■ THE TASK:
What's needed is an exact copy of all the data below, without pictures.

■ MATERIALS PROVIDED:
_ _ _

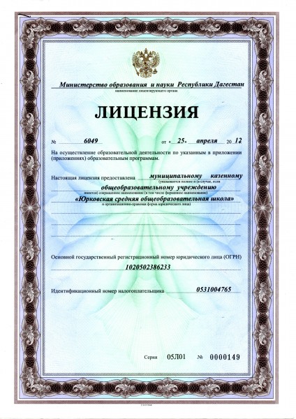 Полное наименование образовательной организации* Муниципальное казённое общеобразовательное учреждение "Юрковская средняя общеобразовательная школа" Тарумовского района Республики Дагестан
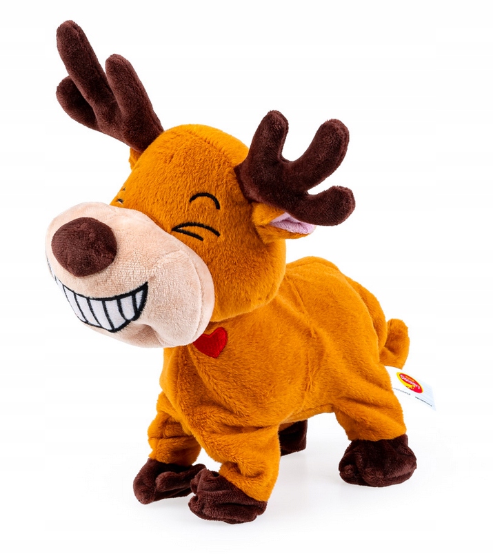 Uroczy wesołek zanosi się śmiechem, wierzgając przy tym raciczkami, stając na dwóch nogach i wykonując zabawne ruchy, a wszystko po to, aby rozśmieszyć malucha. Zwierzaczek posiada z boku, pod pyszczkiem, czerwone serduszko, odpowiedzialne za uruchamianie zabawki. Obserwuj „śmiechowe” popisy łosia i zaraź się od niego wesołością!
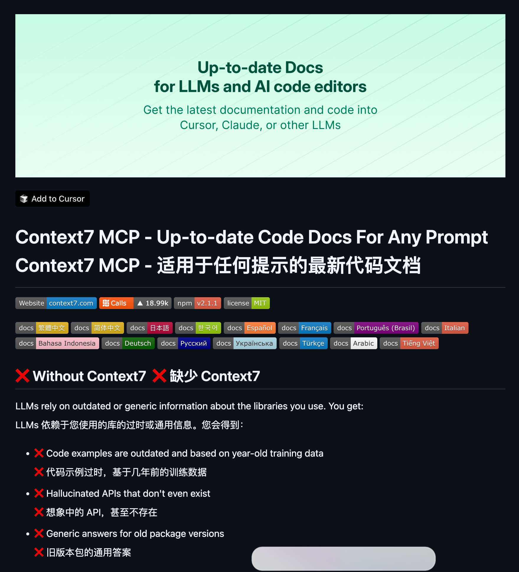 Context7 是 Upstash 推出的 MCP 文档增强服务:让 Cursor、Claude Code 等 AI 编程工具在生成代码时,自动拉取最新、版本匹配的官方文档与示例代码,并直接注入到提示词上下文中,从而减少“过时示例 / 幻觉 API / 版本不一致”的问题。使用方式很轻:在提问里加一句 use context7,或在客户端规则中设为自动触发;也可先用 resolve-library-id 定位库,再用 query-docs 精准查询指定库(甚至指定版本)的相关片段。支持远程 HTTP(API Key / OAuth2)或本地 npx 部署,适合团队统一接入与个人提升代码生成可靠性。
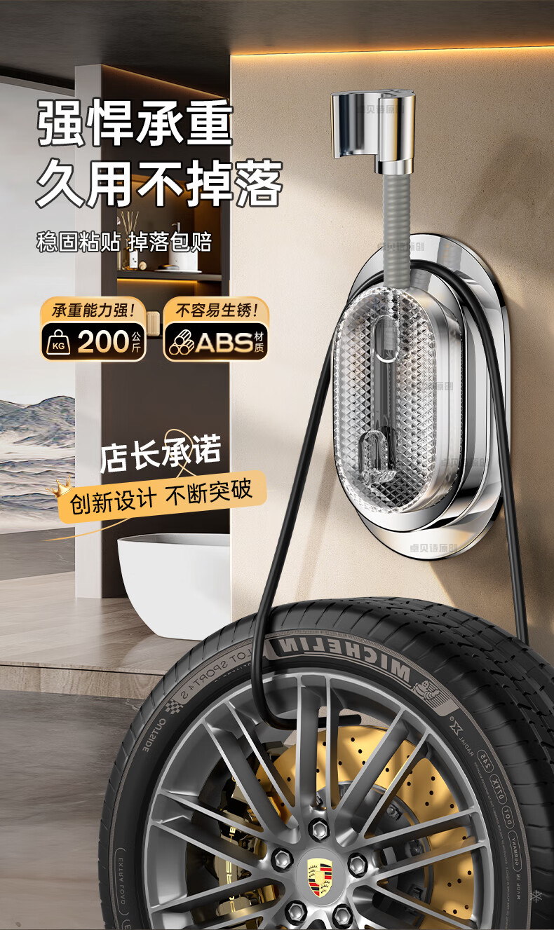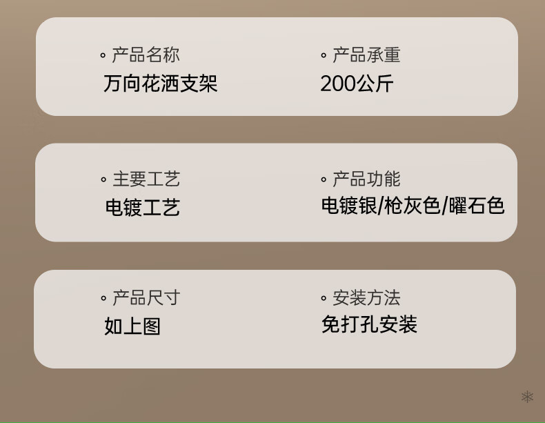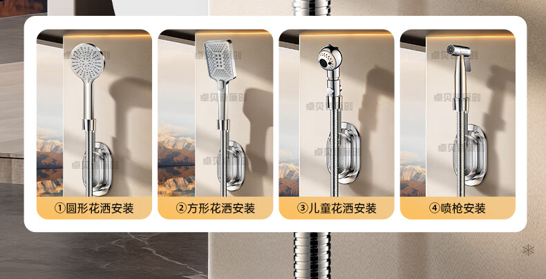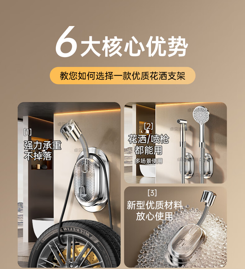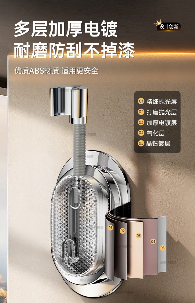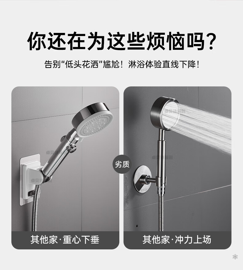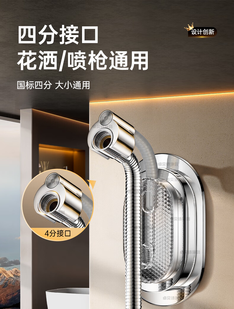 卓贝诗花洒支架免打孔淋浴头固定器强力吸盘万向调节可移动浴室淋浴配件 星空银【升级大吸盘】免打孔支架 升级双重吸附丨可大角度调节丨掉落包赔
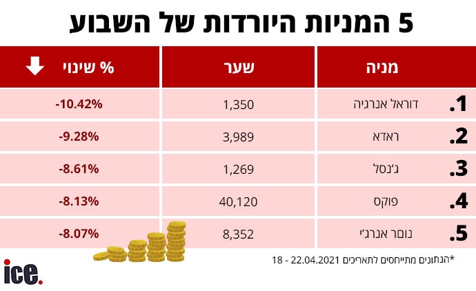 את המניות היורדות מוליכה דוראל אנרגיה שירדה ב-10.42% בדרך לשער של 1,350 אג', ראדא צנחה ב-9.28% ל-3,989 אג', ג'נסל איבדה 8.61% וירדה ל-1,269 אג'. פוקס רביעית עם ירידה של 8.13% לשער של 40,120 אג', נופר אנרג'י סוגרת את החמישייה עם ירידה של 8.07% בדרך לשער של 8,352 אג'.

_ _ _

■ SOLUTION BELOW:
 Полное наименование образовательной организации* Муниципальное казённое общеобразовательное учреждение "Юрковская средняя общеобразовательная школа" Тарумовского района Республики Дагестан
 Uroczy wesołek zanosi się śmiechem, wierzgając przy tym raciczkami, stając na dwóch nogach i wykonując zabawne ruchy, a wszystko po to, aby rozśmieszyć malucha. Zwierzaczek posiada z boku, pod pyszczkiem, czerwone serduszko, odpowiedzialne za uruchamianie zabawki. Obserwuj „śmiechowe” popisy łosia i zaraź się od niego wesołością!
 Context7 是 Upstash 推出的 MCP 文档增强服务:让 Cursor、Claude Code 等 AI 编程工具在生成代码时,自动拉取最新、版本匹配的官方文档与示例代码,并直接注入到提示词上下文中,从而减少“过时示例 / 幻觉 API / 版本不一致”的问题。使用方式很轻:在提问里加一句 use context7,或在客户端规则中设为自动触发;也可先用 resolve-library-id 定位库,再用 query-docs 精准查询指定库(甚至指定版本)的相关片段。支持远程 HTTP(API Key / OAuth2)或本地 npx 部署,适合团队统一接入与个人提升代码生成可靠性。
 卓贝诗花洒支架免打孔淋浴头固定器强力吸盘万向调节可移动浴室淋浴配件 星空银【升级大吸盘】免打孔支架 升级双重吸附丨可大角度调节丨掉落包赔
 את המניות היורדות מוליכה דוראל אנרגיה שירדה ב-10.42% בדרך לשער של 1,350 אג', ראדא צנחה ב-9.28% ל-3,989 אג', ג'נסל איבדה 8.61% וירדה ל-1,269 אג'. פוקס רביעית עם ירידה של 8.13% לשער של 40,120 אג', נופר אנרג'י סוגרת את החמישייה עם ירידה של 8.07% בדרך לשער של 8,352 אג'.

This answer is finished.